Friday, November 4, 2016

Andreikin Beats Kramnik 1.Nc3

Chess openings to not always lead directly to immediate victory. Often the opening sets the table for a creative middlegame combination or checkmate. If such tactics do not develop, the best strategy for a win might be to head to the endgame. The Vienna Game begins 1.e4 e5 2.Nc3. This is an old variation of the Open Game that has been covered in many books from the 1800s to the present. Both sides have several good options.

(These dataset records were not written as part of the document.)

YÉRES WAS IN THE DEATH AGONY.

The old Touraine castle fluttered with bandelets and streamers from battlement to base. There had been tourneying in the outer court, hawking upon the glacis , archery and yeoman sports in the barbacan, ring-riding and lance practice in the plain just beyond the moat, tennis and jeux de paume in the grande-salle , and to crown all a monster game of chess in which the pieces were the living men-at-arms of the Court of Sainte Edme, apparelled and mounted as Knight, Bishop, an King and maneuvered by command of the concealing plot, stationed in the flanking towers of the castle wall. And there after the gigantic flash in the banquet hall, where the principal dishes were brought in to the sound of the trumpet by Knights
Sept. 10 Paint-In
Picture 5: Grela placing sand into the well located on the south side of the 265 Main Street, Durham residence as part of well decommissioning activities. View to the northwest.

Dmitry Andreikin reached the top 20 in the world in June of 2016. Andreikin had won the World Junior Championship back in 2010. That same year he played Vladimir Kramnik in blitz. These two players weaved their way through opening theory. The game went from 1.Nc3 Nf6 (Queens Knight Attack) to 2.e4 (Alekhine Defence) to 2...e5 (Vienna Game) to 3.f4 (Vienna Gambit).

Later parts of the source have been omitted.